INSTRUCTIONS TO FOLLOW.
Repeat all the data exactly, and where a record holds a picture, leave that picture out.
### RECORDS FOR THE EXERCISE ###
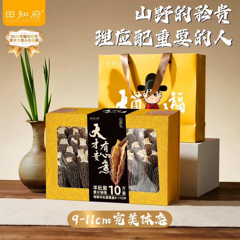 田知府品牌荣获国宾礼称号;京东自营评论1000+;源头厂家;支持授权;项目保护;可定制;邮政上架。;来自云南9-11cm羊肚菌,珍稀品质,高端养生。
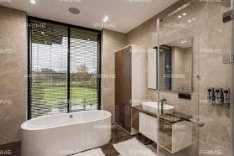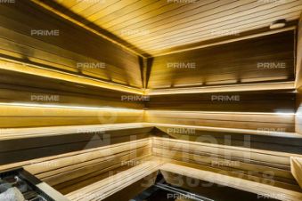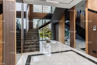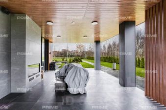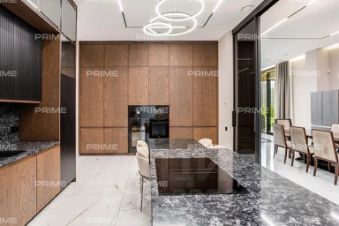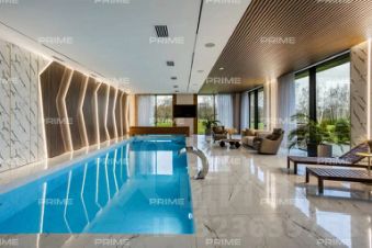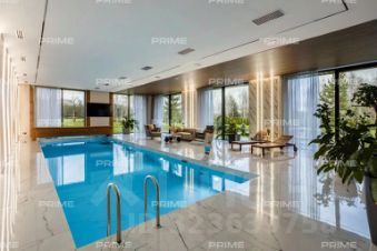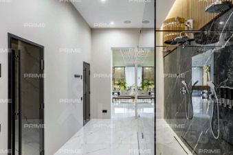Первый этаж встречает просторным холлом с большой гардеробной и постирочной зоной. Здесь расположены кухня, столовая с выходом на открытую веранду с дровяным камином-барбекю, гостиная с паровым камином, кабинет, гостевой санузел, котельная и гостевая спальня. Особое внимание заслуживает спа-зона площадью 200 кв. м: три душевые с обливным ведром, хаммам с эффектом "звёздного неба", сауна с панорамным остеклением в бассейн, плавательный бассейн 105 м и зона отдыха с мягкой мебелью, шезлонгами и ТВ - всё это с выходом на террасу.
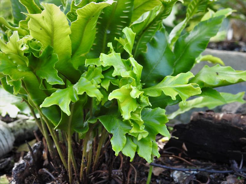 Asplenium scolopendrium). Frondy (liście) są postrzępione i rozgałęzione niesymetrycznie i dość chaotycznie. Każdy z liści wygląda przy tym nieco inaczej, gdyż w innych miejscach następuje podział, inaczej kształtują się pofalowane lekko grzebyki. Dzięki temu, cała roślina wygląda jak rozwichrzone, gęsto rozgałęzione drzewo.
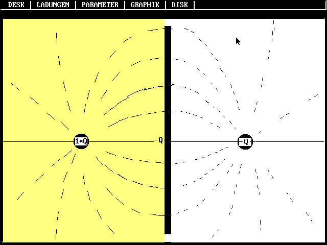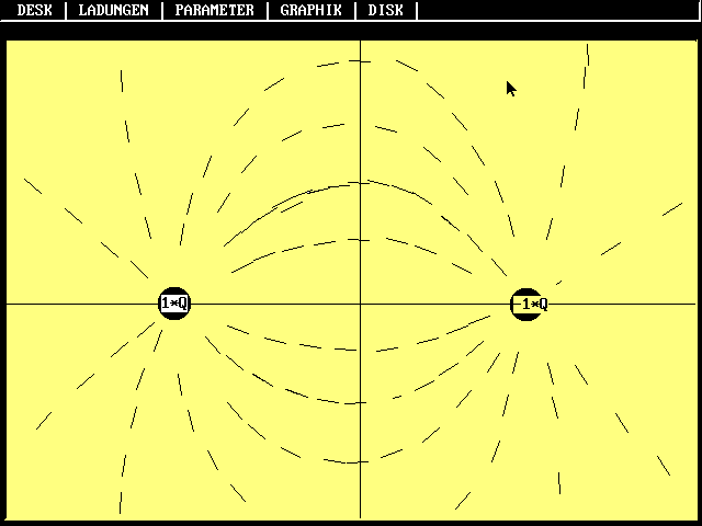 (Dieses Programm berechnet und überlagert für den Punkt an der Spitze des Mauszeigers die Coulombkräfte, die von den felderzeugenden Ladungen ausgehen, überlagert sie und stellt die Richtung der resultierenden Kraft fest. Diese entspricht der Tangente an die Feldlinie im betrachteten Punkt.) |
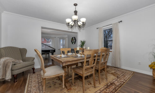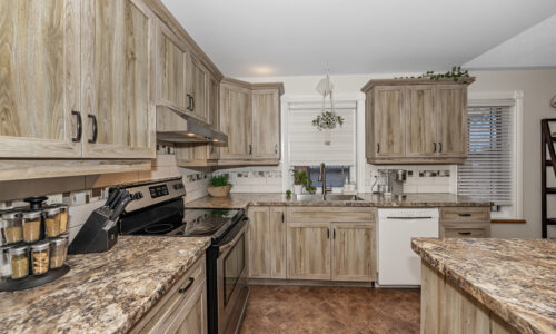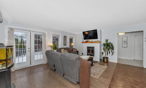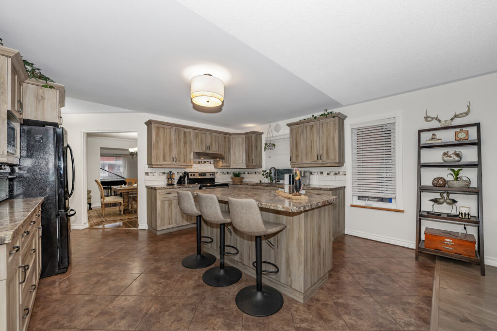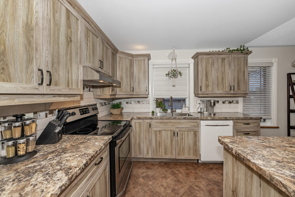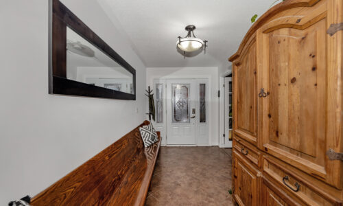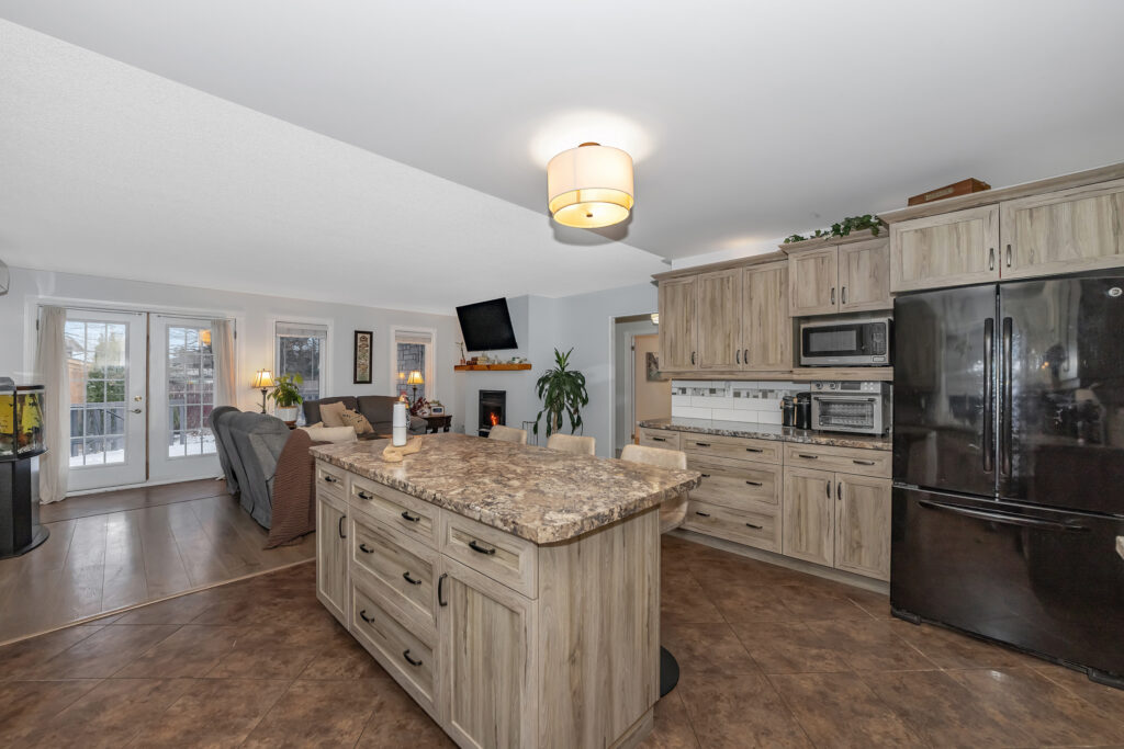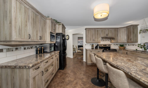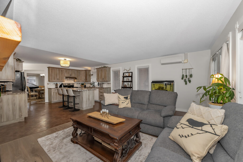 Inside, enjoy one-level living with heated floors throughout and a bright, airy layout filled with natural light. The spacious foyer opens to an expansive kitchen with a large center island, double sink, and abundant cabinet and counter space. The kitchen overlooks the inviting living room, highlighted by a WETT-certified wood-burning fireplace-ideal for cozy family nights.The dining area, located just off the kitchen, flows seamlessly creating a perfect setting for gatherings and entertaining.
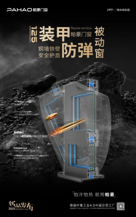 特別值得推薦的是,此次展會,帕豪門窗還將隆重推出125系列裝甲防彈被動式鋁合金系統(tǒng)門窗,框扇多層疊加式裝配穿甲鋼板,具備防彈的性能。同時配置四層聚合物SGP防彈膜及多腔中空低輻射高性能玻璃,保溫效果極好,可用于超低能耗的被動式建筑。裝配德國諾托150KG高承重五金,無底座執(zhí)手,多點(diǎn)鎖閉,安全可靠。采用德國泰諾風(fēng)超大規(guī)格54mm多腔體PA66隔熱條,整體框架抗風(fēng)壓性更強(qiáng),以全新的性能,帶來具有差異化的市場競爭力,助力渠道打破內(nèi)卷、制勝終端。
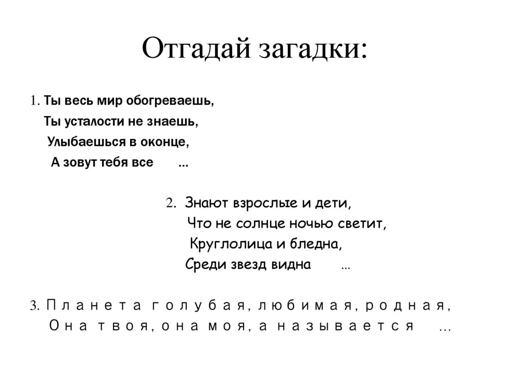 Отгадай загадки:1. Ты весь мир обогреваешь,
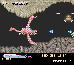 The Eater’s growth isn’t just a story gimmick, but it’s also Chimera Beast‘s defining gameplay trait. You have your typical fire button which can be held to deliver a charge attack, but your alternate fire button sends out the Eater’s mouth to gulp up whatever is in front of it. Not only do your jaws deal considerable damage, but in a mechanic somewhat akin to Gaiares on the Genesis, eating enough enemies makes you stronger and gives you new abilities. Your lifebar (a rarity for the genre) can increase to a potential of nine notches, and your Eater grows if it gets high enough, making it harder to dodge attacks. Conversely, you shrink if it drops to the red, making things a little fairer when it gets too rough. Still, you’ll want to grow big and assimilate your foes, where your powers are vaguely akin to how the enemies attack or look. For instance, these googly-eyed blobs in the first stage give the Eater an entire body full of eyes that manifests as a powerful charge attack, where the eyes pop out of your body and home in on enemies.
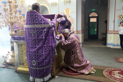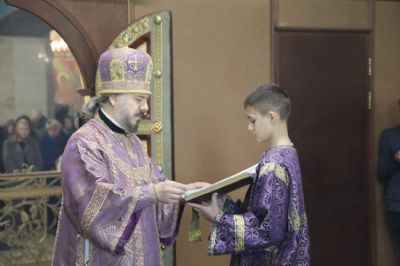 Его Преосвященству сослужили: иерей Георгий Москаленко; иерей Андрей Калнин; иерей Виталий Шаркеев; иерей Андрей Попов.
###
ANSWER TO THIS EXERCISE.
 田知府品牌荣获国宾礼称号;京东自营评论1000+;源头厂家;支持授权;项目保护;可定制;邮政上架。;来自云南9-11cm羊肚菌,珍稀品质,高端养生。
Первый этаж встречает просторным холлом с большой гардеробной и постирочной зоной. Здесь расположены кухня, столовая с выходом на открытую веранду с дровяным камином-барбекю, гостиная с паровым камином, кабинет, гостевой санузел, котельная и гостевая спальня. Особое внимание заслуживает спа-зона площадью 200 кв. м: три душевые с обливным ведром, хаммам с эффектом "звёздного неба", сауна с панорамным остеклением в бассейн, плавательный бассейн 105 м и зона отдыха с мягкой мебелью, шезлонгами и ТВ - всё это с выходом на террасу.
 Asplenium scolopendrium). Frondy (liście) są postrzępione i rozgałęzione niesymetrycznie i dość chaotycznie. Każdy z liści wygląda przy tym nieco inaczej, gdyż w innych miejscach następuje podział, inaczej kształtują się pofalowane lekko grzebyki. Dzięki temu, cała roślina wygląda jak rozwichrzone, gęsto rozgałęzione drzewo.
 (Dieses Programm berechnet und überlagert für den Punkt an der Spitze des Mauszeigers die Coulombkräfte, die von den felderzeugenden Ladungen ausgehen, überlagert sie und stellt die Richtung der resultierenden Kraft fest. Diese entspricht der Tangente an die Feldlinie im betrachteten Punkt.) |
 Inside, enjoy one-level living with heated floors throughout and a bright, airy layout filled with natural light. The spacious foyer opens to an expansive kitchen with a large center island, double sink, and abundant cabinet and counter space. The kitchen overlooks the inviting living room, highlighted by a WETT-certified wood-burning fireplace-ideal for cozy family nights.The dining area, located just off the kitchen, flows seamlessly creating a perfect setting for gatherings and entertaining.
 特別值得推薦的是,此次展會,帕豪門窗還將隆重推出125系列裝甲防彈被動式鋁合金系統(tǒng)門窗,框扇多層疊加式裝配穿甲鋼板,具備防彈的性能。同時配置四層聚合物SGP防彈膜及多腔中空低輻射高性能玻璃,保溫效果極好,可用于超低能耗的被動式建筑。裝配德國諾托150KG高承重五金,無底座執(zhí)手,多點(diǎn)鎖閉,安全可靠。采用德國泰諾風(fēng)超大規(guī)格54mm多腔體PA66隔熱條,整體框架抗風(fēng)壓性更強(qiáng),以全新的性能,帶來具有差異化的市場競爭力,助力渠道打破內(nèi)卷、制勝終端。
 Отгадай загадки:1. Ты весь мир обогреваешь,
 The Eater’s growth isn’t just a story gimmick, but it’s also Chimera Beast‘s defining gameplay trait. You have your typical fire button which can be held to deliver a charge attack, but your alternate fire button sends out the Eater’s mouth to gulp up whatever is in front of it. Not only do your jaws deal considerable damage, but in a mechanic somewhat akin to Gaiares on the Genesis, eating enough enemies makes you stronger and gives you new abilities. Your lifebar (a rarity for the genre) can increase to a potential of nine notches, and your Eater grows if it gets high enough, making it harder to dodge attacks. Conversely, you shrink if it drops to the red, making things a little fairer when it gets too rough. Still, you’ll want to grow big and assimilate your foes, where your powers are vaguely akin to how the enemies attack or look. For instance, these googly-eyed blobs in the first stage give the Eater an entire body full of eyes that manifests as a powerful charge attack, where the eyes pop out of your body and home in on enemies.
 Его Преосвященству сослужили: иерей Георгий Москаленко; иерей Андрей Калнин; иерей Виталий Шаркеев; иерей Андрей Попов.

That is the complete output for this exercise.